Thanks in advance to anybody who contributes!
P.S. for those who might wonder, I was never enthralled by generic views as well: as soon as I needed some advanced functionality, they became no shorter than regular views.
You can subclass a class and refine methods like get_context_data for specific cases, and leave the rest as-is. You can't do that with functions.
For instance, you might need to create a new view that does everything a previous one does, but you need to include extra variable in the context. Subclass the original view and override the get_context_data method.

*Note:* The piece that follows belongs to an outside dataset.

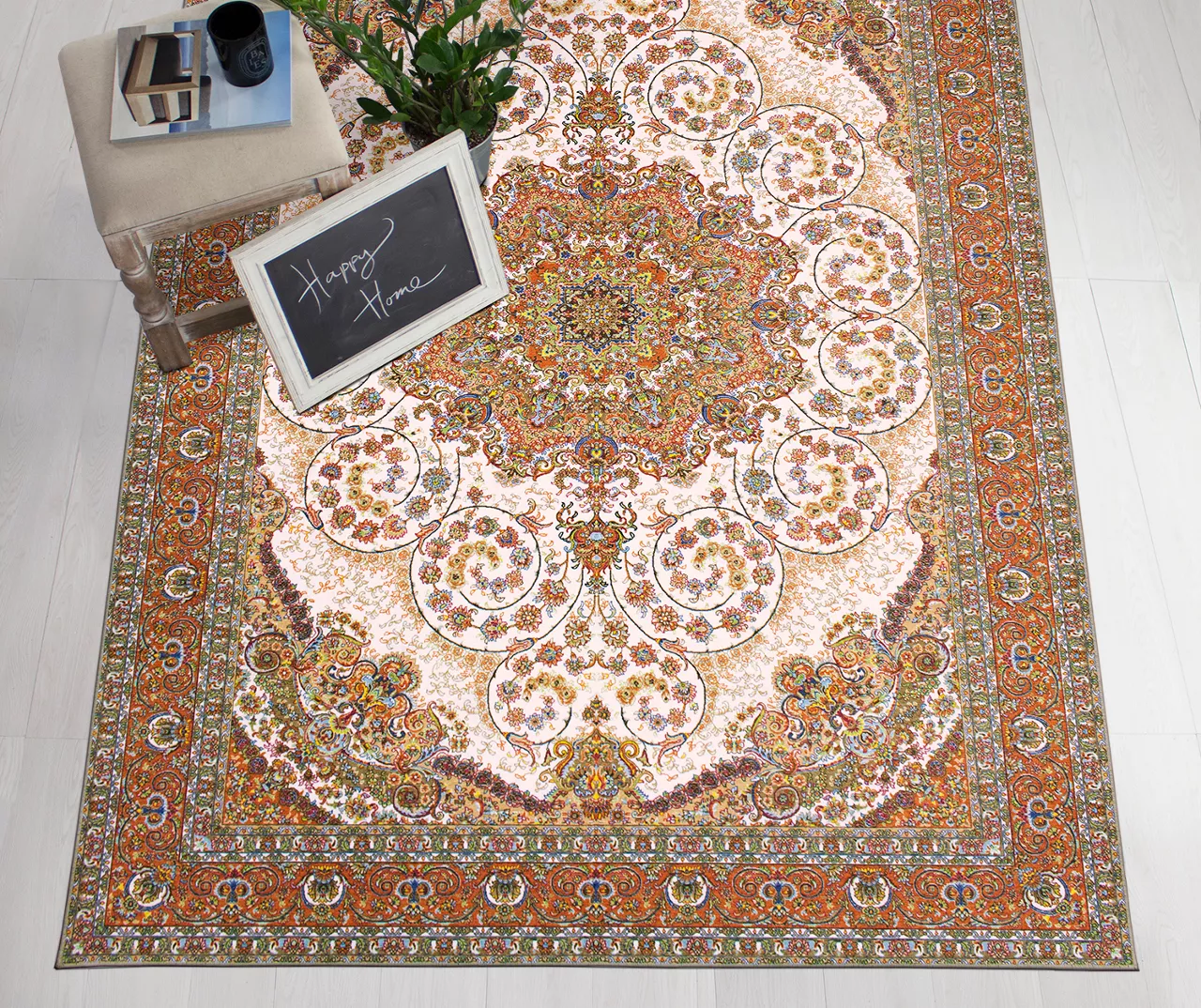 If traditional design is your thing or if you’re looking to add some eclectic flair to your contemporary space, then the Zahara rug in amber is the perfect rug for you. Crafted from high-quality fibers, this vintage-inspired design is colorfast, cleans easily and has a stylish low profile. Pair this luxurious amber and ivory-colored rug with bohemian decor for a homey vintage look or the hottest styles from Paris for the perfect blend of new and old in your home, office or RV. Protect your floors from spills and scratches and wash away germs with a full line of no-fuss rugs. My Magic Carpet is an eco-friendly alternative to traditional rugs. This rug is made of non-allergenic, stain-resistant microfiber polyester, with a waterproof inner liner and a non-slip backing.

Also, separating the steps needed to render the template into separate methods promotes clearer code - the less done in a method, the easier it is to understand. With regular view functions, it's all dumped into the one processing unit.
If self.args[0] is bothering you, the alternative is:
urlpatterns = patterns('books.views',
url(r'^books/(?P<slug>\w+)/$', 'publisher_books_list', name="publisher_books_list"),
)
Then you could use self.kwargs['slug'] instead, making it slightly more readable.
Your example function and class are not equal in features.
The class based version provide pagination for free and forbid the use of other HTTP verbs than GET.
If you want to add this to your function, it's going to be much longer.
But it is, indeed, more complicated.
This is the first I'm hearing of this -- and I like it.
The advantage I see here, honestly, is that it makes views more consistent with Django overall. Models are classes and I've always felt that views should be too. I know not everything is but views and models are the two heavily used types.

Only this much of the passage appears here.